File name sanitization is a crucial process in applications handling file uploads to ensure user-provided names are both safe and compatible with the systems where they will be stored or processed. It involves validating and modifying the original names of uploaded files to prevent security threats or operational failures that could compromise system integrity.

How Attackers Exploit File Names

At first glance, a file name looks harmless. But to an attacker, it’s an opportunity. Because many applications don’t treat them as untrusted input, they can be abused in clever — and dangerous — ways.

Injection payloads

The risk can come not from the file itself but the way the name is processed. If an application fails to sanitize properly, malicious strings in file names can trigger existing vulnerabilities:

• sleep(20)-- -.jpg → can lead to SQL injection if the file name is concatenated unsafely into a SQL query without proper escaping or parameterization.

• <svg onload=alert("XSS")>.jpg → can lead to Cross-Site Scripting (XSS) when the file name is reflected into a web page (HTML, attribute, or JS context) without proper encoding, or when user-supplied SVG content is served/executed in the browser.

• ; sleep 20;.jpg → can lead to OS Command injection if the file name is passed by concatenation into a shell or system API.

Enumeration leaks

When uploaded files are renamed poorly, attackers can predict or brute-force file names and access other users’ content. For instance, if an application simply appends a counter to duplicates:

• First upload: profile.jpg → stored as profile.jpg.

• Second upload: profile.jpg → stored as profile_2.jpg.

• Third upload: profile.jpg → stored as profile_3.jpg.

An attacker could guess profile_2.jpg, profile_3.jpg, etc., and retrieve private files from other users.

Extension tricks and truncation

Some systems enforce file name length limits, and mishandling them can introduce vulnerabilities. On Linux, where file names are limited to 255 bytes, a crafted example could be:

aaaa...[very long string]...php.png

This may bypass a code-based filter yet still be interpreted as PHP if application logic trims or slices names improperly, for example, by truncating the trailing .png to prevent exceeding the length limit.

Path traversal

By sneaking in ../ sequences, attackers can climb outside the intended upload directory and place files where they don’t belong:

../../../../var/www/html/index.php

This could overwrite the main application file with malicious content.

As seen, file names may appear harmless, but neglecting to verify them becomes a security risk.

The code snippet below shows an insecure file upload using multer in an Express app where the user’s original file name is used without validation:

const multer = require("multer");

const storage = multer.diskStorage({
  filename: (req, file, cb) => {
    cb(null, file.originalname); // Using file name provided by the user
  }
});

This pattern exposes the application to path traversal, injection attacks, hidden or double-extension files, accidental overwrites and cross-platform naming collisions.

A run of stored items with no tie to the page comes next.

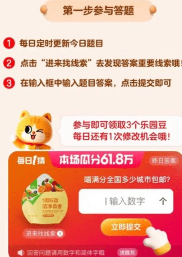 3、每天凌晨3点会公布当天的题目,在答题栏输入答案之后,点击提交即参加成功。
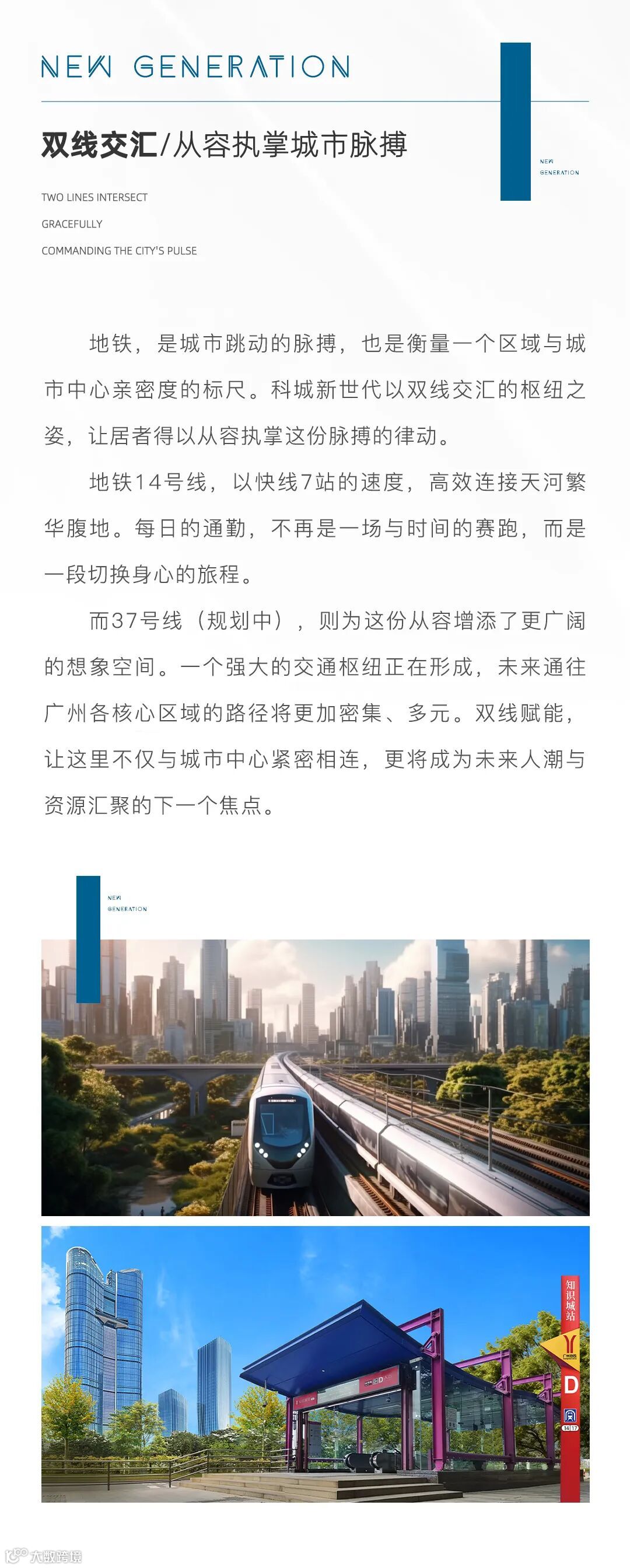 免责声明:1、本广告内容仅为要约邀请,所涉及的图文及数据等相关内容仅供参考,不构成开发商承诺的任何交付标准,买卖双方的权利义务最终以双方签订的合同为准;资料中涉及的项目周边环境景观、公建配套、道路交通、商业业态、文化教育及其他市政设施信息,均采集自截至本资料制作之日政府官方媒体及相关网站的公开信息,其中九龙湖控规已取消金融塔,其他具体规划、学位安排等均以规划部门及相关政府部门最终批复及实际建设为准。本宣传资料旨在提供项目景观视野参考,未来相关部门对规划用地的实际建设存在不确定性,视野可能会受到一定遮挡,本资料不视为对视野做出承诺。开发商在法律法规允许的范围内保留随时对本资料修改的权利及最终解释权,敬请留意最新资料。2、本宣传资料对周边环境、政府规划、商业配套、教育配套、交通、商业设施开办等的介绍仅为提供相关信息,具体以政府最终批文为准,开发商不对此作任何承诺。实际入学政策以及学校招生范围方式等均以政府教育部门发布为准。开发商:广州科城何棠置业发展有限公司,推广案名:科城·新世代,首期地块标准地名:新灏花园,穗房预(网)字第20240307号/穗房预(网)字第20240308号/穗房预(网)字第20240309号,穗房预(网)字第20240383号/穗房预(网)字第20240384号/穗房预(网)字第20240385号;制作日期2025年9月。
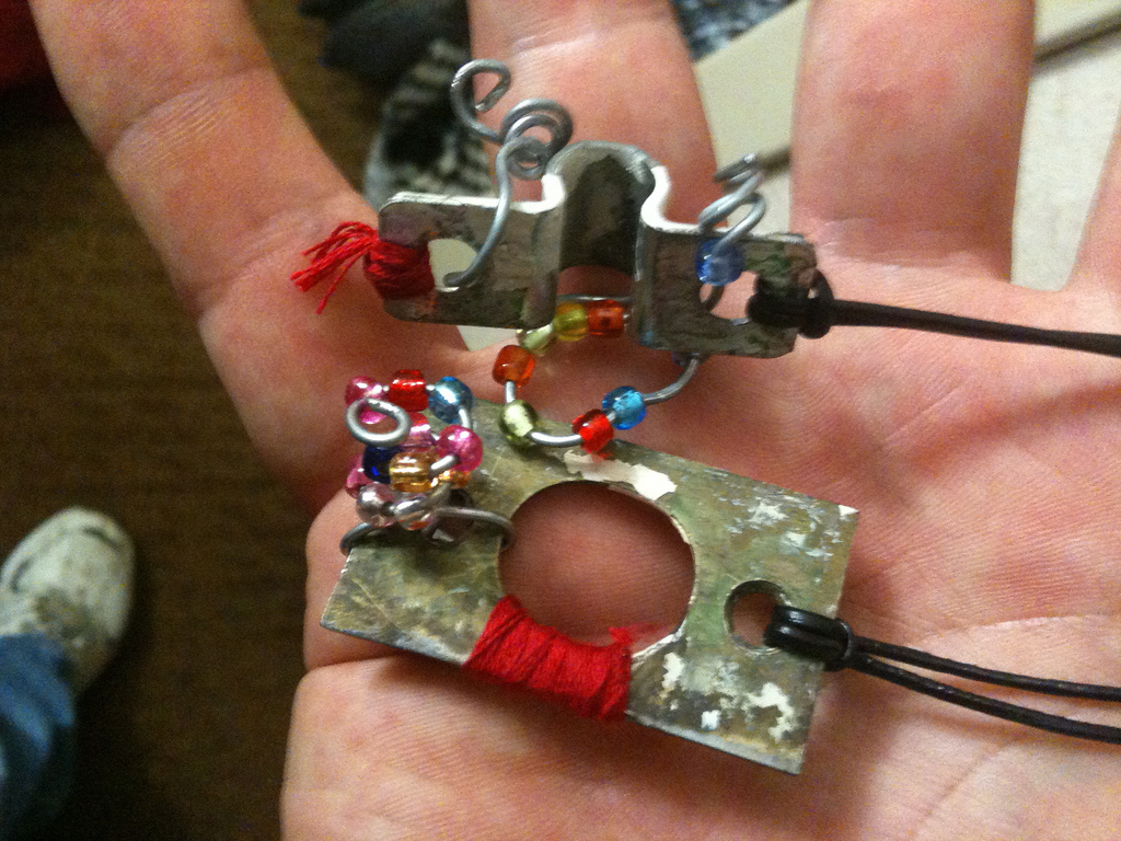 These medals are actually made out of parts taken from the door I removed back when I did the Door Installation task waaay back in the mists of Glasnost. I thought the couple that went for all the Secrets should be rewarded, so I crafted these (inspired in part by the lovely jewelry items Zerogee made).
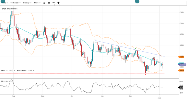 Brent Crude is in a bearish correction, with price at 6,060, slightly below the VWAP of 6,100. The RSI at 44.5 indicates weakening pressure. Support is found at 5,925, while resistance remains at 6,236.
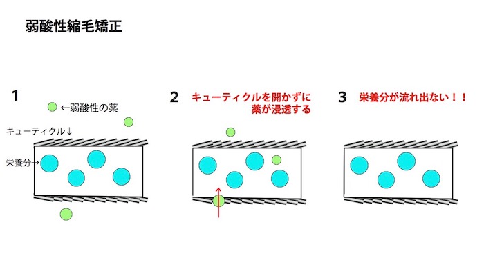 弱酸性のお薬を使うと髪のキューティクルを開く事なく、縮毛、カラー、パーマをする事が出来る!だから、髪の中の栄養分の流出を最小限に抑え、髪のキレイを保ったまま施術出来るんですね!髪質改善にうってつけのメニューなんです☆
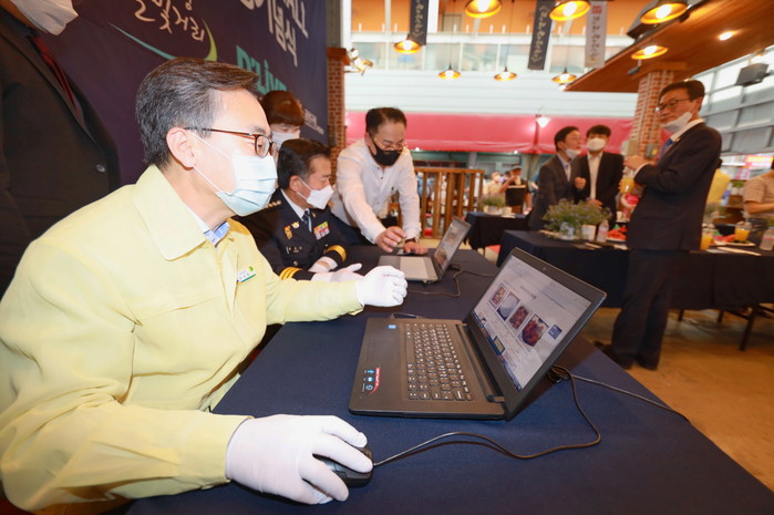 서울 금천구는 최근 ‘대명여울빛거리시장 딜라이브몰 입점 기념식’을 개최했다. 대명여울빛거리시장은 지난 2월 말 딜라이브몰과 업무협약을 체결, 전통시장 상품을 스마트폰으로 구매할 수 있는 온라인 쇼핑환경을 조성했다. 사진은 기념식에서 유성훈 구청장(왼쪽)이 딜라이브몰을 통해 전통시장 물건 구매를 시연하고 있는 모습. (사진제공=금천구청)

Best Secure File Name Practices

As a developer, whenever possible, you need to generate unique and random file names (e.g., UUIDs or GUIDs) instead of relying on user-provided names. This solves both operational errors caused by duplicate names and security vulnerabilities tied to user-controlled file names.

If business requirements make this approach unfeasible, then apply these safeguards:

• Enforce a maximum file name length.

• Restrict allowed characters (e.g., A-Z, a-z, 0-9, -, _, and .).

• Avoid hidden files and trailing periods or spaces (e.g., .htaccess).

• Block reserved names in Windows and Linux.

• Handle file names as case-insensitive.

Use Unique and Random File Names

Assigning random and unique names to uploaded files prevents file name collisions, mitigates path traversal attacks, hides original names that could reveal sensitive data, blocks injection attempts, and protects against file enumeration.

This approach is particularly useful in scenarios where the original file names provided by users do not need to be retained:

const uuid = require("uuid");

const storage = multer.diskStorage({
  filename: (req, file, cb) => {
    cb(null, `${uuid.v4()}.pdf`); 
  }
});

In this illustrative case, the code uses a UUID to generate unique names and enforces the .pdf extension assuming the application is restricted to PDF uploads.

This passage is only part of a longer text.